There is already a successful example of using such a procedure in Ukraine. In particular, the former owners of bankrupt banks are no longer able to open new banks. They are prevented from doing this by a single institution — the National Bank of Ukraine.

In accordance with the Law “On Banks and Banking Activities”, when an individual or legal entity purchases a stake in a bank, the NBU checks their business reputation and financial (property) condition. The requirements for the reputation and financial condition of potential bank owners are detailed in the Regulation on Licensing of Banks, which is approved by the regulator.

For example, the fact of owning shares or working in the bank’s management bodies during the last year before being declared insolvent and/or revoking the bank’s license will be grounds to recognize a person’s business reputation as flawed and refuse to acquire a stake in the bank.

It is not enough just to change people in management or to dismiss simple performers. We need a serious institutional reform of the relevant bodies and serious changes in the legislative framework

In turn, the requirements to the financial condition imply not only the obligation to prove the availability of funds for the purchase of a share, but also the availability of additional financial resources (in proportion to the part in the regulatory capital) that may be needed to support the bank’s activities, as well as the sources of origin of all these funds. Such a system makes it possible to prevent “bankers” who illegally enriched themselves on the collapse of one bank from owning a new one.

We must pay tribute, the NBU system works quite effectively. And first of all, due to the fact that the National Bank is a well-organized structure that controls this issue and takes a principled position with respect to the owners of bankrupt banks.

What doesn’t work at all

But the NBU’s policy among government agencies is rather a strong exception than the rule. For example, the repurchase by debtors (legal or natural person) of their own debts from the DGF is also prohibited by law. Nevertheless, this prohibition does not stop anyone in any way: a huge number of debtors — from small to large, through front persons or intermediaries, quite calmly redeem their debts in any volume. For example, the media has repeatedly covered the situation around the assets of some oligarchs, published a list of companies affiliated with them, reported that such companies participate in auctions for their assets and safely buy them out. In other words, citizens are informed, illegal actions are condemned by the public, even the courts go, but nothing happens.

By the way, Ukraine may face similar problems when implementing the recently adopted Law on Oligarchs. After all, the oligarchs’ businesses that are on the NSDC sanctions lists are already functioning without any difficulties or restrictions.

As for Ukraine’s obligations to strengthen the work on asset recovery, they cause some confusion. Especially the promise to create a comprehensive strategic document and action plan by the end of February 2022. I would like to remind you that there are already two bodies in our country that have been working on asset recovery for years – the DGF and the special National Agency of Ukraine for the identification, search and management of assets obtained from corruption and other crimes. What prevented them from making additional efforts or at least developing an action plan before drawing up a Memorandum with the IMF?

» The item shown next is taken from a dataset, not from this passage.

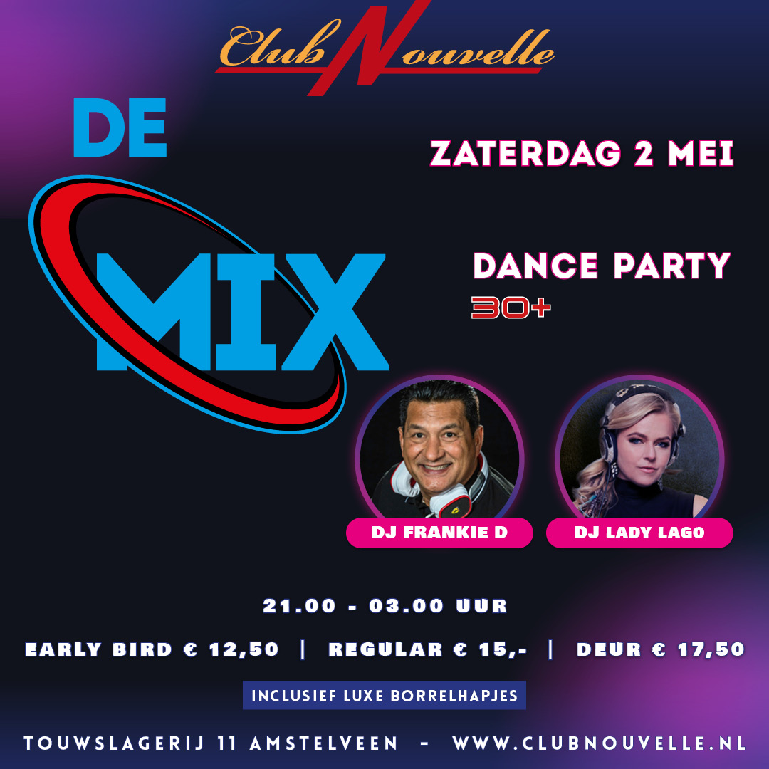 30+ DANCE PARTY "DE MIX" MET DJ FRANKIE D. & DJ LADY LAGO

Perhaps the problem is the lack of the necessary experience and competencies? Or is it a corruption component? But it is obvious that private companies that specialize in asset tracing (with the right to sue on behalf of the state of Ukraine and share the proceeds with the state) could demonstrate much greater efficiency. Because, as practice shows, if state structures begin to deal with the return of assets, then as a result Ukraine receives wasted budget money and the flourishing of corruption. At the same time, it is not enough to simply change people in the leadership of these structures or dismiss ordinary performers. We need a serious institutional reform of the relevant bodies and serious changes in the legislative framework. Otherwise, Ukraine will not be able to solve the problems with the ex-owners of bankrupt banks.